The drain of brains takes place mainly in Spain.
BRAINSTORM EXERCISE
ere
quaff
rout (or, put to rout)
cahoots
writhe (like a trampled snake)
peruse
fens
partisan
roquelaure
asunder
dithyramb
enthrall
raconteur (raconteuse)
outré
maelstrom
trifle
platitude
ruse (ruse de guerre)
in sooth
ennui
usurp
pique
dirge
fête
accoutrements
Ere I finish this style exercise, you readers will find out that I am a person of those who quaff life in long draughts, putting to rout all those thoughts unpleasant that are in cahoots with my darkest subconscious, where they writhe like trampled snakes. Hence, I have sought to peruse more than one interesting literary oeuvre, steering clear of the swampy fens of the mainstream, partisan of high culture and forgotten poetry as I am. Readers may picture me, thus, in a tricorn and roquelaure, torn asunder from the 'verse which is my home and birthplace, now chanting a dithyramb to enthrall potential fellow readers, a raconteuse of unpredictable events, which may now seem pedestrian made exceedingly outré, now a maelstrom that absorbs every single lapalissade and platitude in existence, now rather a trifle, and now a ruse, in sooth, crafted with such skill that you, dear readers, have surely fallen for it. Such is the extent of my war on ennui, which relentlessly attempts to usurp my consciousness, and thus, this is one of the events that pique me the most, even more than mezzo women singing dirges. Therefore, I invite you to a fête of composing style exercises, taking for guidelines all the accoutrements of littérature potentielle.

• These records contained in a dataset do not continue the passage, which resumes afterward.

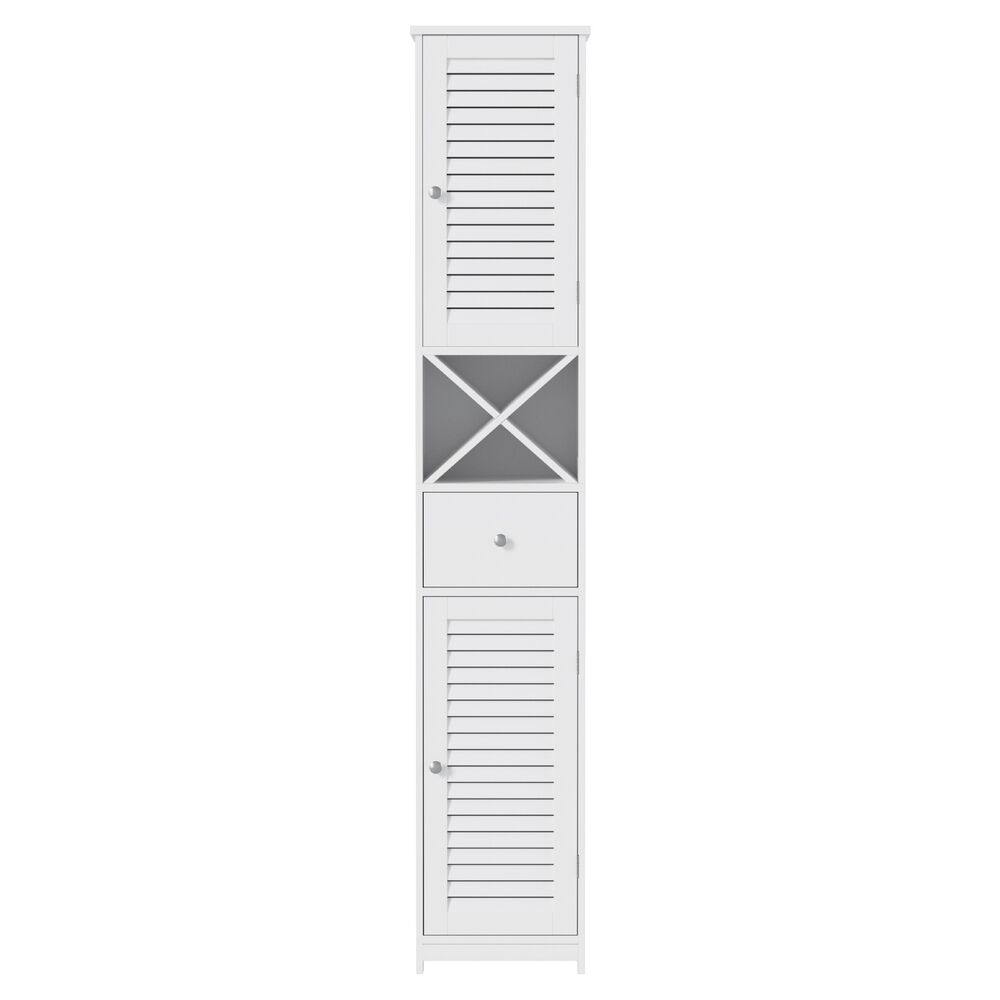 This versatile storage cabinet offers smart organisation beyond the bathroom. Its tall, slim profile fits perfectly in corners and tight spaces, while the adjustable shelves and unique X-shape shelf adapt to all your storage needs. In the bathroom, it neatly organises towels and toiletries; in the living area, it stores books and wine bottles; in the entryway, it keeps essentials tidy. The painting finish ensures durability in humid conditions, and the elegant louver doors add stylish design. This cabinet combines functionality with contemporary design for multiple living spaces.
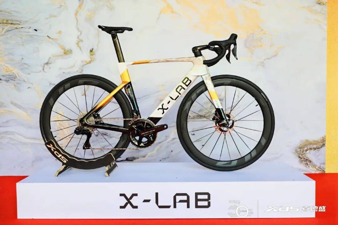 除了X-LAB游龍,喜德盛還推出了30周年紀(jì)念版X-LAB AD9公路車。這款車型以純凈白色為主色調(diào),恰到好處地點(diǎn)綴鎏金細(xì)節(jié),簡(jiǎn)約中透露出貴氣,將30周年的品牌沉淀與紀(jì)念感展現(xiàn)得淋漓盡致。車架設(shè)計(jì)搭載了喜德盛高端品牌X-LAB的技術(shù)靈魂,依托強(qiáng)大的碳纖維車架生產(chǎn)實(shí)力,這款A(yù)D9車架在輕量化與剛性之間取得了完美平衡。其前部頭管設(shè)計(jì)極具標(biāo)志性,能夠減輕迎風(fēng)面積,提升氣動(dòng)性能。M碼裸架重僅850克,且經(jīng)過(guò)英國(guó)SSEH風(fēng)洞驗(yàn)證,擁有絕佳的氣動(dòng)效果。
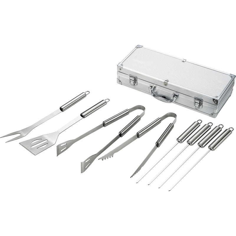 〇注意事項・送料800円が販売価格に含まれています・お取り寄せ商品です。弊社にて手配後、メーカー・卸業者からの直送になります。・まれにメーカー欠品、出荷遅延等が発生致します。問題発生時は別途メールにてご連絡致します。・配送方法の指定、日時指定、置き配、ギフト対応、他商品との同梱配送などは対応できません。・まとめ買いや複数購入の場合は通常より発送に時間が掛かる場合がございます・複数個口の場合、2階以上への搬入ができない場合があります。(その場合は1階での受け渡しとなります)・大型連休、お盆、年末年始などは発送をお休みさせていただく場合がございます・メーカー都合により、パッケージは予告なく変更される場合がございます・梱包用のダンボールはリサイクル品を使用させていただきます。・注文に関するご連絡(注文確定通知・発送通知など)はメールでご案内させていただきます※商品ページの内容について、少しでもご不明な点などがございましたら購入前に一度ご連絡ください〇商品説明あらゆるギフトシーンにおすすめです!アルミケース入りバーベキューセット。ガジェットはステンレス製でサビに強く衛生的。〇商品仕様●内容:ケース:80×370×162mm・ターナー・ピック・炭用トング・食材用トング×各1、串×4規格●無地箱入(380×167×85mm) 1500g●材質:アルミニウム、PVC、MDF、ステンレススチール●加工地:中国(出典:株式会社 八大)
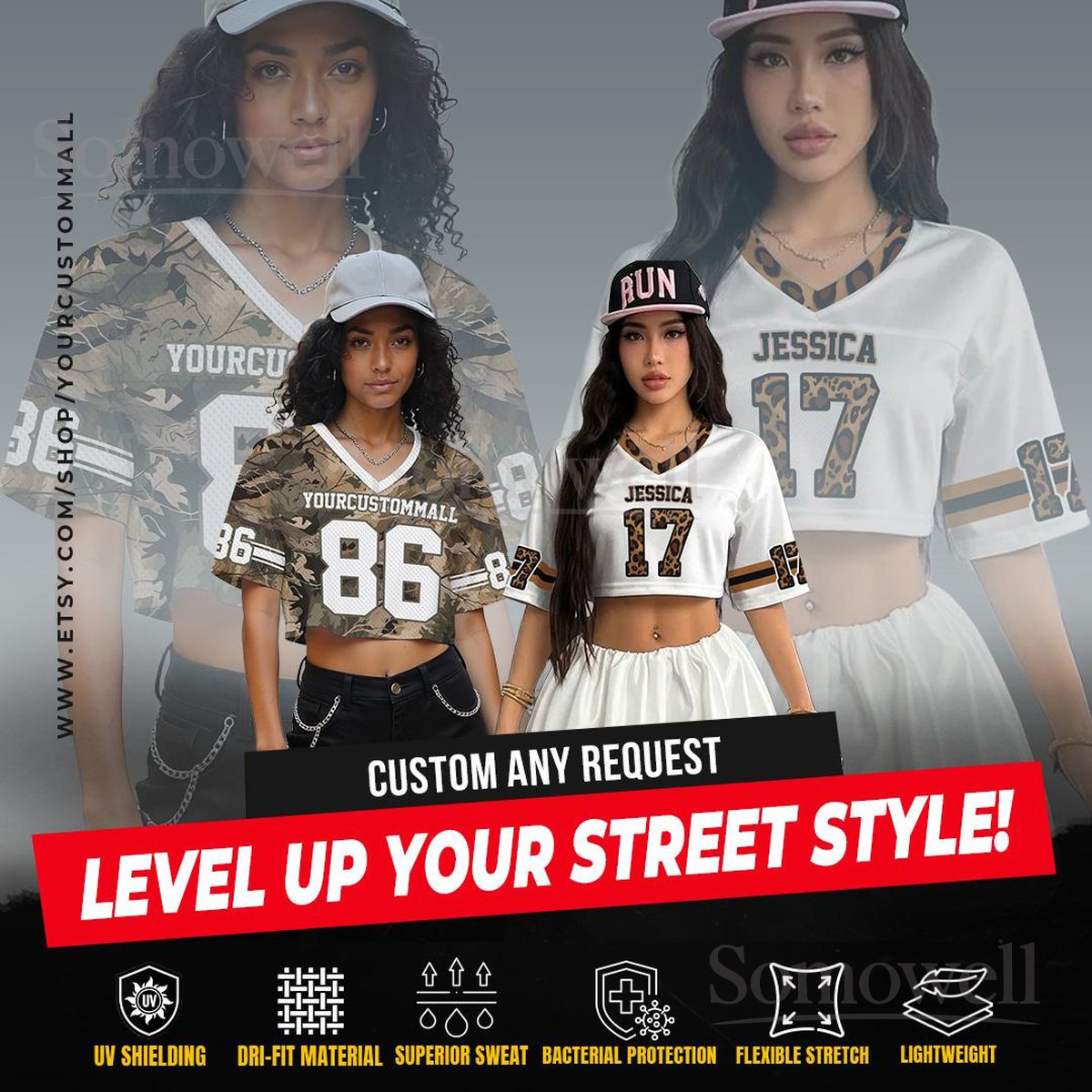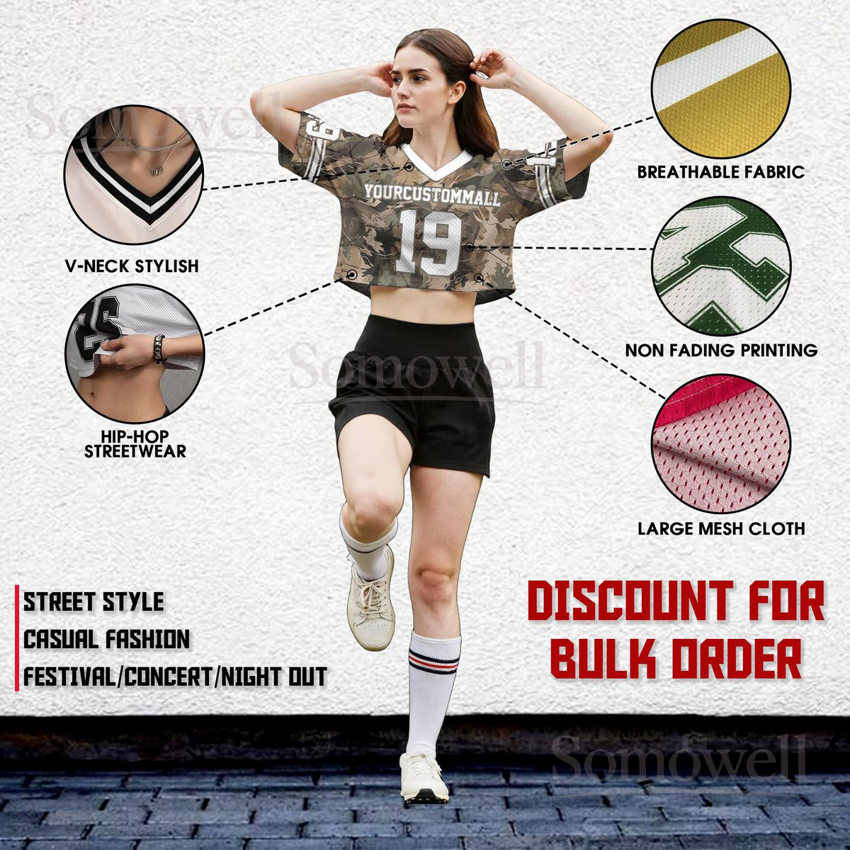 Personalized Women39s Crop Top Football Jersey Custom Team Name Number Logo Women Crop Tee Multi Color Edition
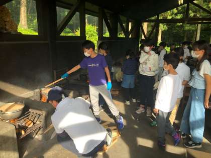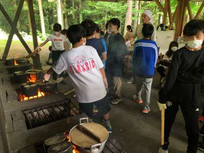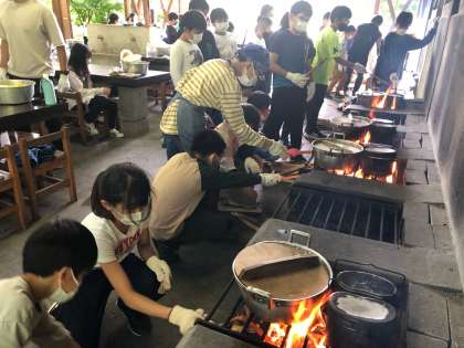 カレーライスの調理はほぼ終わり、あとはかまど待ちです。かまど担当の人たちが頑張って火の見守りをしています。
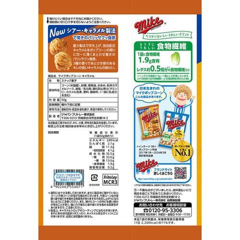 | コーン(米国産)、砂糖、植物油、水あめ、粉末カラメルソース、食塩/乳化剤、酸化防止剤(ビタミンC)、カラメル色素、香料、酸味料、(一部に乳成分を含む) |
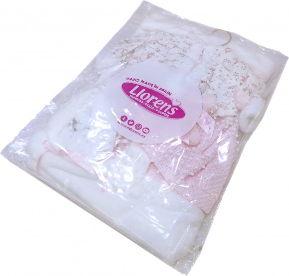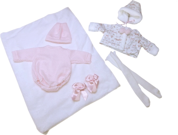 Dieses 6-teilige Set enthält ein dekoratives Fleece-Wendedecke mit Schleife und ist perfekt für eine New Born Puppe von Llorens in der Größe 43-44 cm.
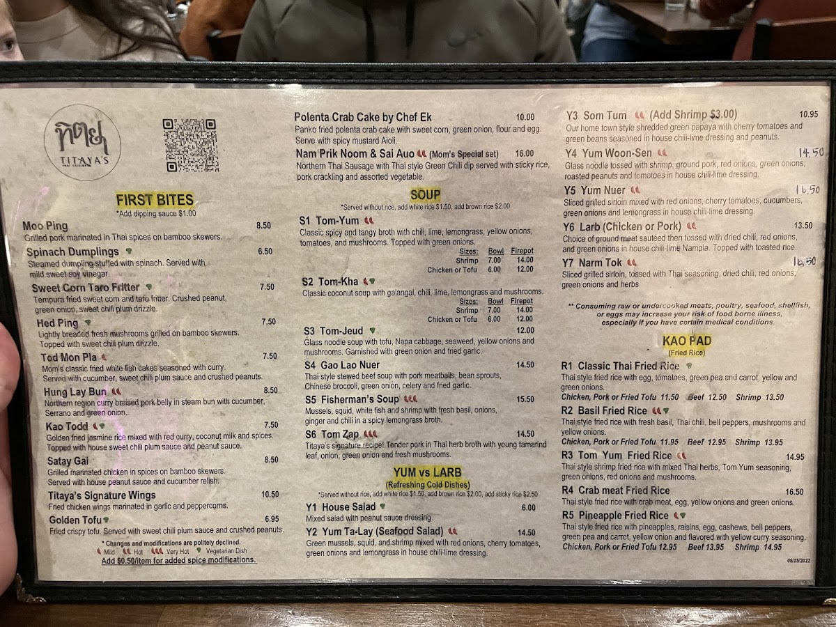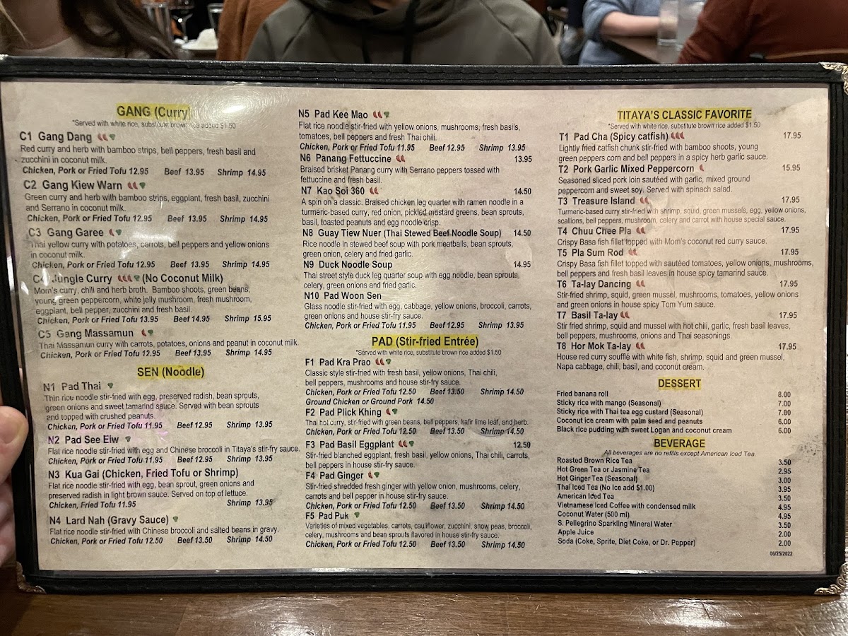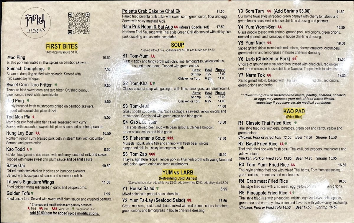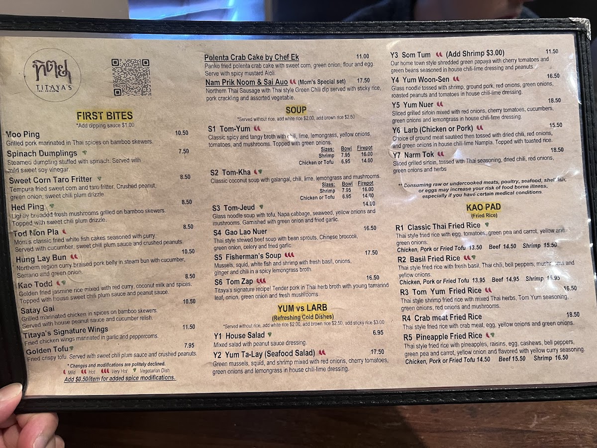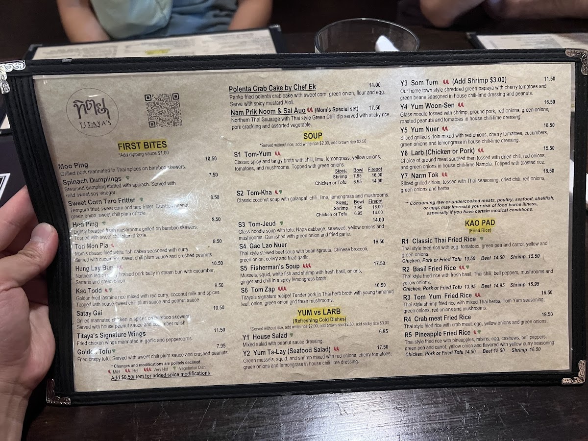 Titaya's Thai Cuisine Menu
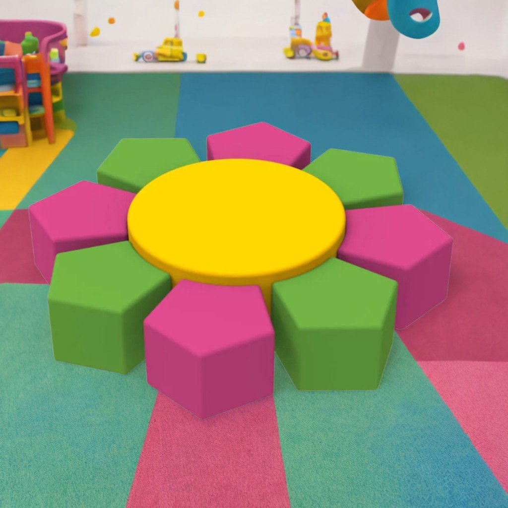Комплект пуф "Camellie" с 9 разноцветни елемента във формата на цвете, идеален за атрактивни кътове за игра. Стимулира логиката и креативността на децата, с леко тегло за лесно боравене и безопасни ръбове без твърди ъгли. Издръжлив, хипоалергичен, не абсорбира миризми и влага, не избледнява и се почиства лесно. Плътност на порест каучук 22 kg/m³. Материал PVC/еко кожа. Размери 130×130×35 см, тегло 60,3 кг, обем 0,6 м³. Цветове: бяло-зелено-лилаво, жълто-червено-синьо-зелено, розово-зелено-жълто, зелено-жълто-лилаво. Препоръчва се за интериор; навън само при сухо време. Почиствайте с нормални препарати, без хлор или разтворители.
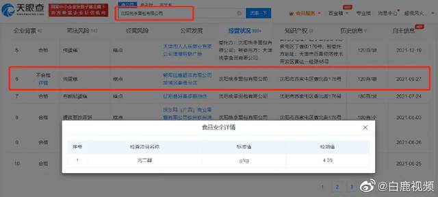 天眼查显示,2021年9月,桃李面包生产的纯蛋糕因丙二醇含量超标被判定不合格。
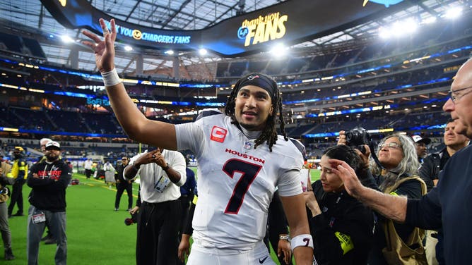 INGLEWOOD, Calif. – Houston Texans quarterback C.J. Stroud waves to fans following a game against the Los Angeles Chargers at SoFi Stadium on Dec. 27, 2025. Photo: Gary A. Vasquez-Imagn Images
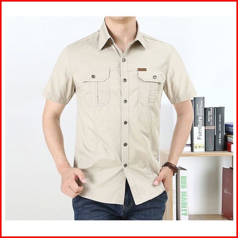 Goodteory Kemeja Outdoor Pria Lengan Pendek Kemeja Lapangan Tactical Kemeja Pria Basic Polos Kemeja Kantoran Kemeja Cass
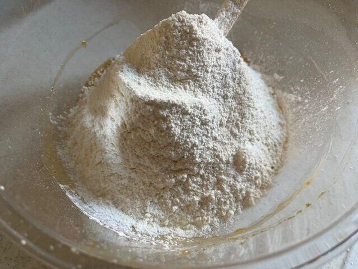 2.振るった薄力粉を加えてざっくりと混ぜる。

Ere the request for that long-expected reinstatement came, Albrecht von Wallenstein had foreseen that there was no other outcome. The Elector of Saxony could quaff his tankards of dark ale in peace once more, ever since the Catholic League had been put to rout. Slightly against their will, both the Northern Electors were now in cahoots with the King of Sweden. In more recent times, half a year later, a racked Count of Tilly had writhed feverishly on his bed for two weeks, and now he was still. The upstart was perusing those so expected tidings, relishing them as if he were sinking into some miry fens, thinking of the fact that Pappenheim and all his other former partisans would return to his side after his rival's demise. Checking his scarlet roquelaure for imperfections of any kind, quietly chanting an ironic dithyramb to himself (like any raconteur of eerie events), still dressed in the usual outré fashion which made anyone recognize the Duke of Friedland from vast distances, Wallenstein was completely absorbed as if by a maelstrom. The Kaiser's request was by no means a trifle, and Albrecht's own convoluted ruse to bring Jean t'Serclaes to the ground had, in sooth, succeeded to such a degree that its own author had not even expected. The ages of ennui had finally come to an expected end, for the seventy-something Walloon who had usurped Wallenstein's position had left the stage in one of the most painful ways... which would never pique the Duke of Friedland. "Let them sing their Dies irae and De profundis and their other tiresome Catholic dirges!" This was a day for the shire of Friedland, the foremost reach in the Kingdom of Bohemia, to revel at least with a fête, before the host that was to be under his command would lead Albrecht to discard his research and charts and, once more, get accustomed to all the cold and hard, lethal accoutrements of warfare.